Unnamed: 0,Sex,Age,SibSp,Parch,Fare,Title_Master,Title_Miss,Title_Mr,Title_Mrs,Title_Officer,...,Ticket_STONOQ,Ticket_SWPP,Ticket_WC,Ticket_WEP,Ticket_XXX,FamilySize,Singleton,SmallFamily,LargeFamily,Survived
0,1,22.0,1,0,7.25,0,0,1,0,0,...,0,0,0,0,0,2,0,1,0,0
1,0,38.0,1,0,71.2833,0,0,0,1,0,...,0,0,0,0,0,2,0,1,0,1
2,0,26.0,0,0,7.925,0,1,0,0,0,...,0,0,0,0,0,1,0,0,0,1
3,0,35.0,1,0,53.1,0,0,0,1,0,...,0,0,0,0,1,2,0,1,0,1
4,1,35.0,0,0,8.05,0,0,1,0,0,...,0,0,0,0,1,1,0,0,0,0


In [0]:
y = dataset['Survived']
X = dataset.drop(['Survived'], axis = 1)

# Split the dataset to trainand test data
train_X, test_X, train_y, test_y = train_test_split(X, y, test_size=0.25, random_state=0)

**Set the parameters for the random forest model using dictionary type :**

In [0]:
parameters = {'bootstrap': True,
              'min_samples_leaf': 3,
              'n_estimators': 50, 
              'min_samples_split': 10,
              'max_features': 'sqrt',
              'max_depth': 6,
              'max_leaf_nodes': None}

**bootstrap** : boolean, optional (default=True)

*   Whether bootstrap samples are used when building trees.

**min_samples_leaf** : int, float, optional (default=1)
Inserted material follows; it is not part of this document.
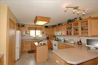 Beautiful, spacious, open floor plan. Quality custom walk-out ranch on Deer Run Golf Course. Smart updated decor. Panoramic view of course & trees. Maintenance-free exterior w/steel siding. 3car heated att garage, plus over-sized 4th garage w/rear access & driveway. Perfect for your boats, campers or workshop. Large tiled kit w/island & 2nd sink, turntables, pull outs, pantry & many extras. Large dining area plus brkfst bar eating; open to adjacent hearth room w/2 sided frplce. Ideal for casual entertaining. Grt room w/10ft ceiling, frplce & built-ins. 2nd bedroom or den, 1/2 bath on main level plus huge master suite w/sitting area, whirlpool bath, shower & large walk-in closet. Util room w/sink. Downstairs are 2 lrg bedrms w/lots of closets, 3/4 bath, fm room & lrg storage area or room to be finished. 9ft ceilings in basement. Lots of lndscpng, deck & patio. Extras include HRV air exchanger, central vac, surround sound for MBR, grt room & deck, security pre-wire, Marvin low-E windows.

The minimum number of samples required to be at a leaf node:

*   If int, then consider min_samples_leaf as the minimum number.
*   If float, then min_samples_leaf is a percentage and ceil(min_samples_leaf * n_samples) are the minimum number of samples for each node.

**n_estimators** : integer, optional (default=10)
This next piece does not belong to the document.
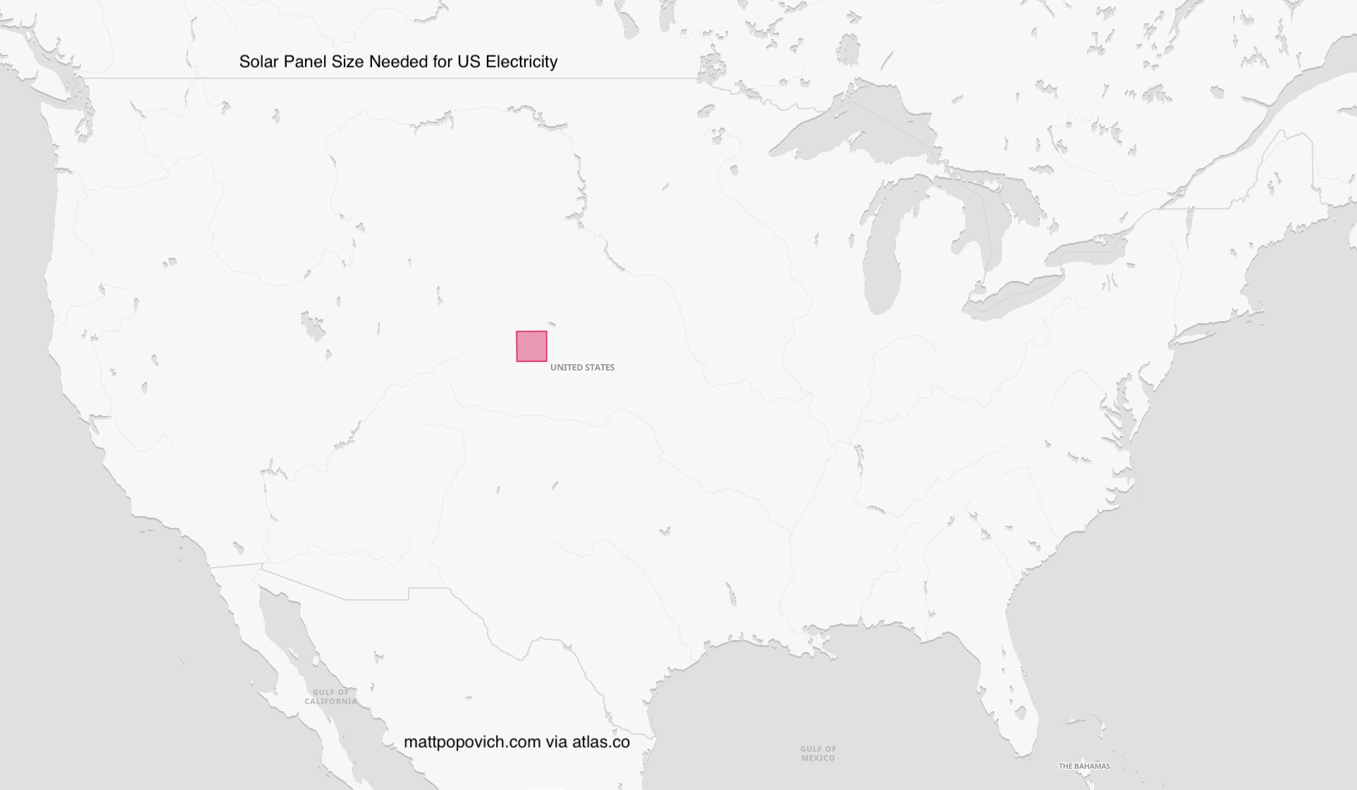 The US is ~3.8 million square miles. So this would be 0.13% of the US’s land area… to power the whole country’s electricity.

*   The number of trees in the forest.

**min_samples_split** : int, float, optional (default=2)

The minimum number of samples required to split an internal node:

*   If int, then consider min_samples_split as the minimum number.
*   If float, then min_samples_split is a percentage and ceil(min_samples_split * n_samples) are the minimum number of samples for each split.

**max_features **: int, float, string or None, optional (default=”auto”)

The number of features to consider when looking for the best split:

*   If int, then consider max_features features at each split. -If float, then max_features is a percentage and int(max_features * n_features) features are considered at each split.

*   If “auto”, then max_features=sqrt(n_features).

*   If “sqrt”, then max_features=sqrt(n_features) (same as “auto”).

*   If “log2”, then max_features=log2(n_features).

*   If None, then max_features=n_features.

**max_depth** : integer or None, optional (default=None)

*   The maximum depth of the tree. If None, then nodes are expanded until all leaves are pure or until all leaves contain less than min_samples_split samples.

**max_leaf_nodes** : int or None, optional (default=None)

*   Grow trees with max_leaf_nodes in best-first fashion. Best nodes are defined as relative reduction in impurity. If None then unlimited number of leaf nodes.

**Define the model :**

In [0]:
RF_model = RandomForestClassifier(**parameters)

**Train the model :**

In [7]:
RF_model.fit(train_X, train_y)

RandomForestClassifier(bootstrap=True, class_weight=None, criterion='gini',
            max_depth=6, max_features='sqrt', max_leaf_nodes=None,
            min_impurity_decrease=0.0, min_impurity_split=None,
            min_samples_leaf=3, min_samples_split=10,
            min_weight_fraction_leaf=0.0, n_estimators=50, n_jobs=None,
            oob_score=False, random_state=None, verbose=0,
            warm_start=False)

**Test the trained model on test data :**

In [8]:
RF_predictions = RF_model.predict(test_X)
score = accuracy_score(test_y ,RF_predictions)
print(score)

0.820627802690583


# Our model’s accuracy is 82%, not bad at all.